What "iPod video" do you have?  Are you sure that the iPod you have is compatible with Mac OS X 10.3.9?  It should say so on the box the iPod came in...


----------



## daneford (May 30, 2009)

I ran the software updater a couple times and itunes hasn't shown up. 

I have a 30GB iPod Video, back has a copyright thing dated 2005


----------



## oldmanmac (May 30, 2009)

Itunes 7.0.2 should be the highest version you can run under 10.3.9


----------



## dana51 (Nov 11, 2011)

I'm running iTunes 7.7.1 on Mac OS 10.3.9 - G4 Quicksilver PowerPC 733 mhz.  But I can no longer access the iTunes Store - just get a download link for the newest iTunes verson 10.3.  What a Catch 22....


----------



## MisterMe (Nov 11, 2011)

dana51 said:


> ...  What a Catch 22....


It is not a Catch-22 at all. Your computer is perfectly capable of running MacOS X 10.4, which you may upgrade to MacOS X 10.4.11. MacOS X 10.4.11 will allow you to upgrade to *iTunes 9.2.1* which provides access to the iTunes Music Store. There is no downside for you to make the upgrade. You have a choice--complain about not having access or do the upgrade.


----------



## Tony Funches (Dec 6, 2011)

The man asked for an answer, not some snotty babble from a Elitist having $ to waste on Apple Blackmail to upgrade. I have ONE PC & 4 Macs that I keep going by hook AND by crook; None is newer then the eMac, or is it the iMac? Makes no diff; Grow up & act like an adult instead of a high school bully. Being snotty & rude only explains why you act tough here instead of out there in the Real World ... Google search will give you my qualifications to make this admonishment ...


----------



## oldmanmac (Dec 6, 2011)

Tony F; Leave YOUR attitude at the door please. It was not your question to begin with. if anybody should be upset it would be the OP. 
The only "qualification" that you have is that you are a rude jerk yourself !


----------



## ElDiabloConCaca (Dec 6, 2011)

[ munches popcorn ]


----------



## MClarkeDuncan (Dec 6, 2011)

Yo!  Tony F!  Google ME and let me know what you find out.

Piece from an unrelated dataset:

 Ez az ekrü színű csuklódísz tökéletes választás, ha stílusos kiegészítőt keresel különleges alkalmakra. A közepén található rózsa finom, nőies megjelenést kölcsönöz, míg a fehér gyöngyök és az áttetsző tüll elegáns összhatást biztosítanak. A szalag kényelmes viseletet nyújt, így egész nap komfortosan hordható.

I was a bodyguard for Notorious B.I.G. (and a bunch of other celebs who are still alive, by the way), so I should certainly say that I'm in a position to admonish YOU, and hereby inform you that you are no longer a member of the National League of Bodyguards with Big Muscles.

Please turn in your NLBBM membership card by the end of the day.  Your behavior is not becoming of someone claiming to be of your stature, and is in violations of the Terms and Conditions which you agreed to when you joined our little "Flex Our Big Muscles On The Internet Where Muscles Don't Mean Squat" bodyguarding ballet dancing group.

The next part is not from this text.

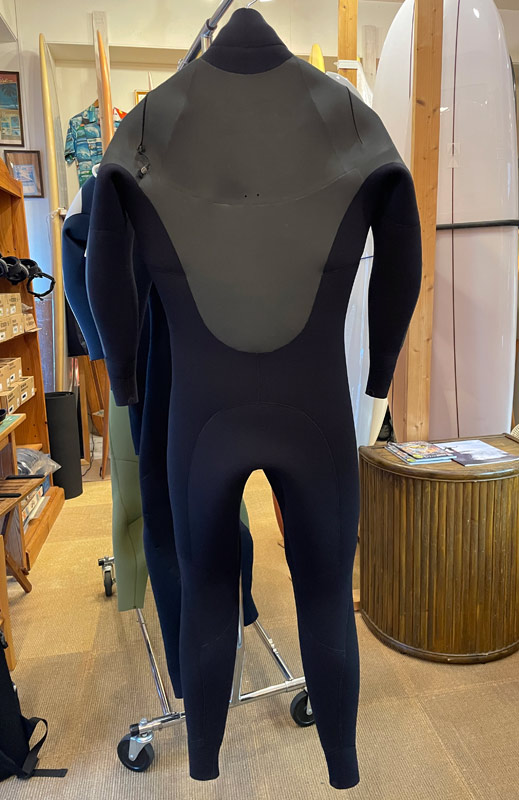 上の画像をよく見て下さい。ハンガーにただぶら下げて撮影した画像です。そんなの見ればわかることです。でも、ただハンガーにぶら下げただけの状態でこんな風にきれいなカタチ、着用時に近い形になるウェットスーツは初めてです。美しいんです。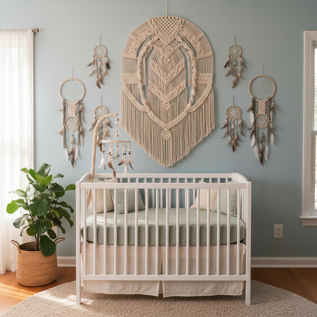 Macrame pieces are quintessential boho decor, adding incredible texture and visual interest to nursery walls. Choose large, intricate macrame hangings to serve as a focal point above the crib or changing table. Complement these with smaller, delicate dreamcatchers, believed to filter out bad dreams, creating a whimsical and protective atmosphere. The knots and patterns of macrame introduce a handcrafted, artistic touch, enhancing the room’s free-spirited vibe.

Keep on truckin' with that eMac of yours.  Real bodyguards run Windows 3.1, anyway.


----------



## DeltaMac (Dec 6, 2011)

... bodyguard? Really?

[ also watching with mild interest - hoping for a cold one later ]


----------



## Giaguara (Dec 11, 2011)

Please keep it civil you newcomers who welcome others to google your bodybuilding qualifications. 
Keep it civil and then welcome on board. Otherwise, may Windows 3.1 suit your needs.

The original poster wondered about the issue he posted about in May 2009. I think he might have taken action on his computer by now - either upgrading the system or even sold the old computer and bought a new one. Most likely he hasn't been home with idle thumbs waiting for googlable bodybuilding celeb advice for all this time.


----------